▶ _What is needed_:
Once you reach the line that holds "This foldable camping" in the listing below, output it and every line after it through the line that holds "Experience lasting comfort", word for word.

== Task inputs ==

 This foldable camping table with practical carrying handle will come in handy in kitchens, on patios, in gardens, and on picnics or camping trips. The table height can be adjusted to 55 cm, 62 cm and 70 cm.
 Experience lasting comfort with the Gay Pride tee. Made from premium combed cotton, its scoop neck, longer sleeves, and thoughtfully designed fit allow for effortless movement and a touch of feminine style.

===
== Task inputs ==

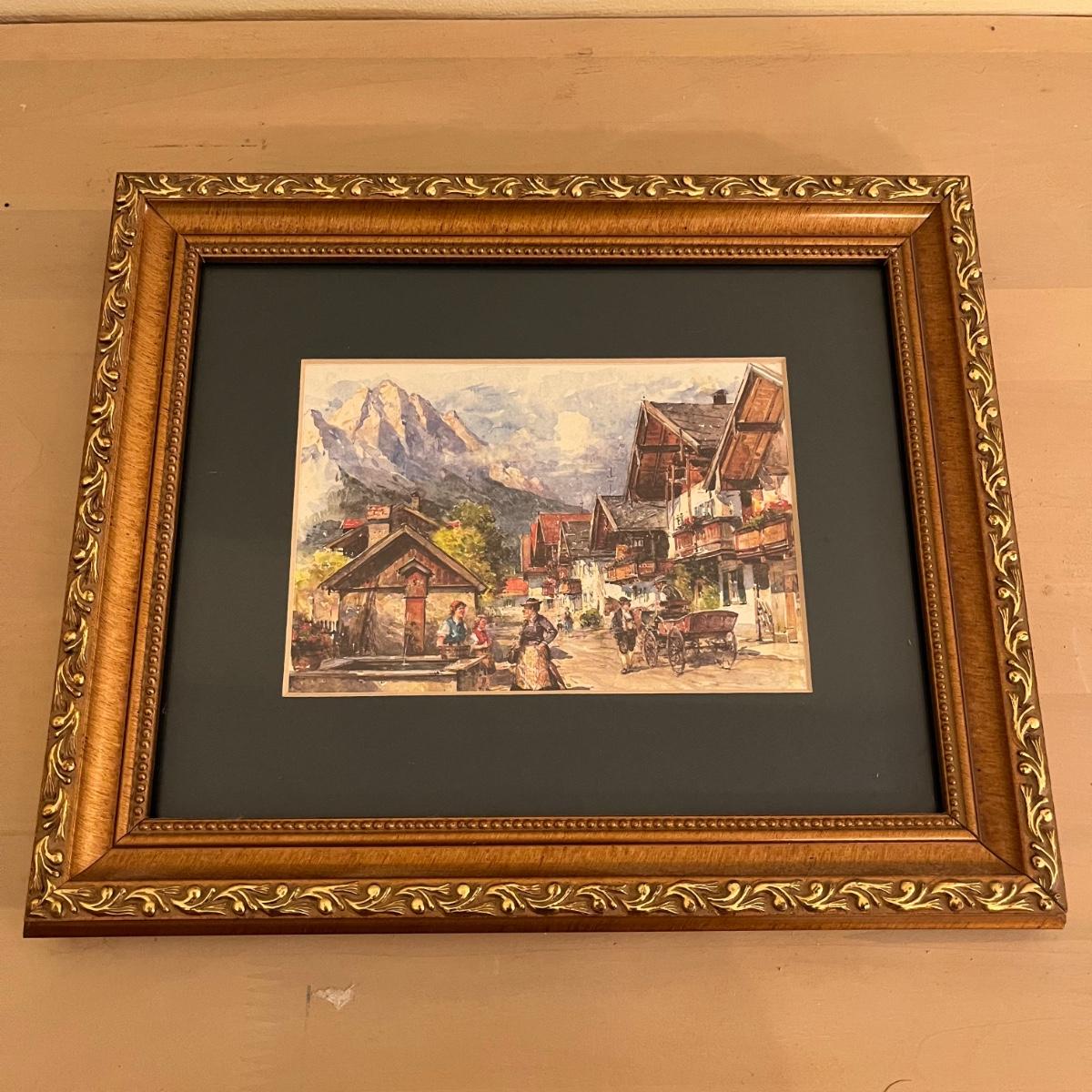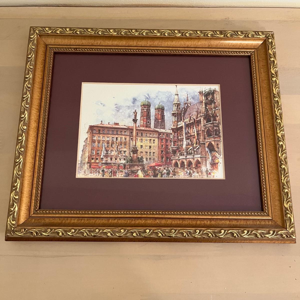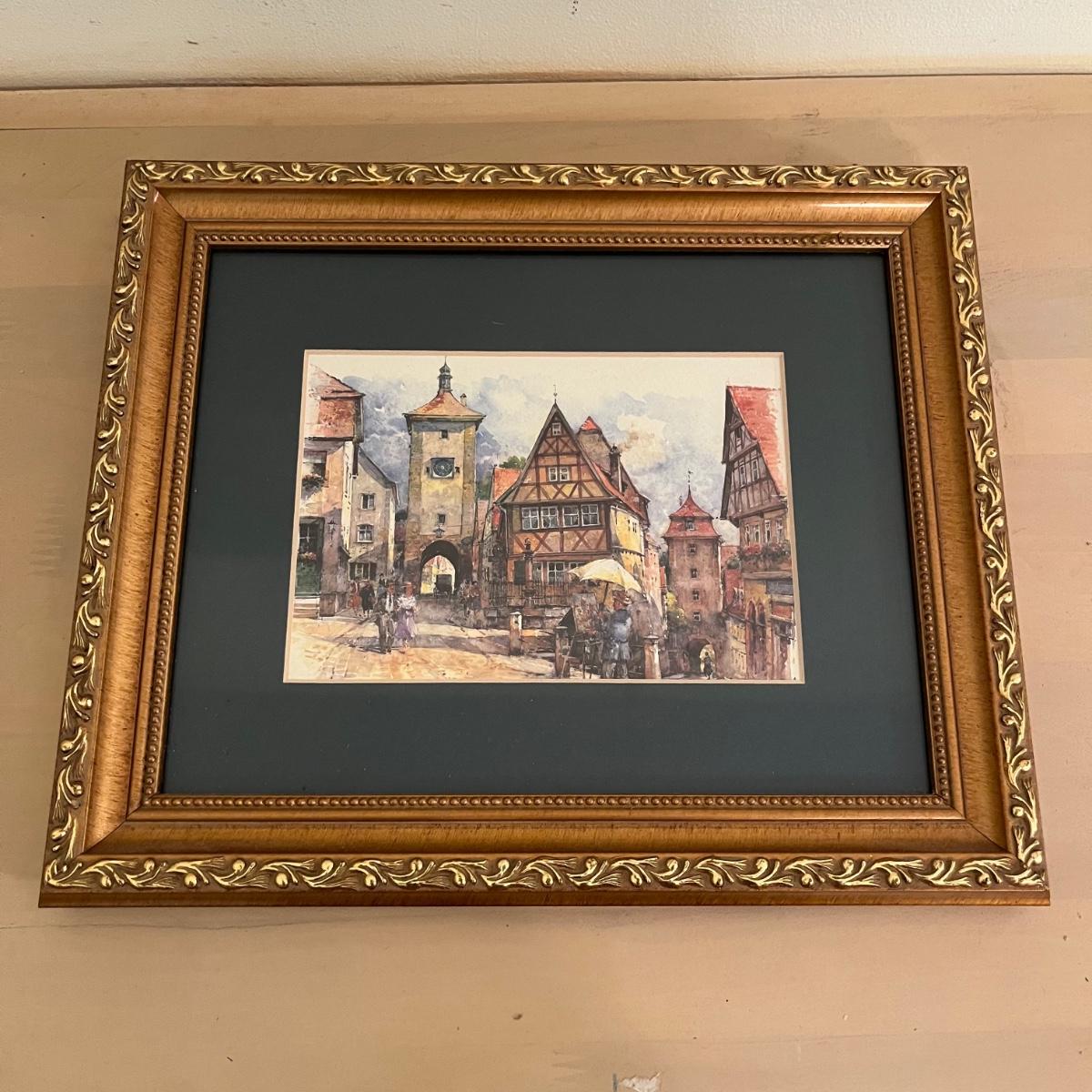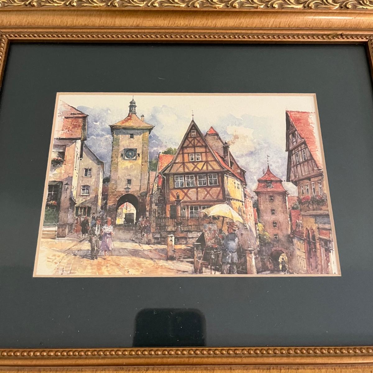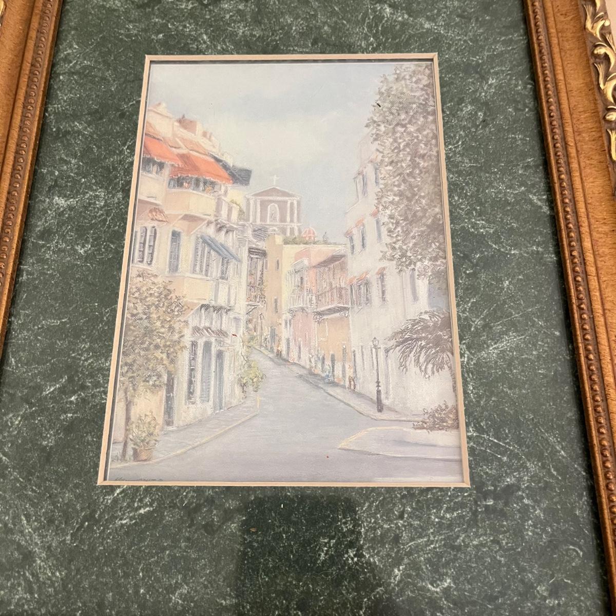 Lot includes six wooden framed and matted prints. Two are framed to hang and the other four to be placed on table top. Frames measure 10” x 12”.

===

▶ _Response area_:
 This foldable camping table with practical carrying handle will come in handy in kitchens, on patios, in gardens, and on picnics or camping trips. The table height can be adjusted to 55 cm, 62 cm and 70 cm.
 Experience lasting comfort with the Gay Pride tee. Made from premium combed cotton, its scoop neck, longer sleeves, and thoughtfully designed fit allow for effortless movement and a touch of feminine style.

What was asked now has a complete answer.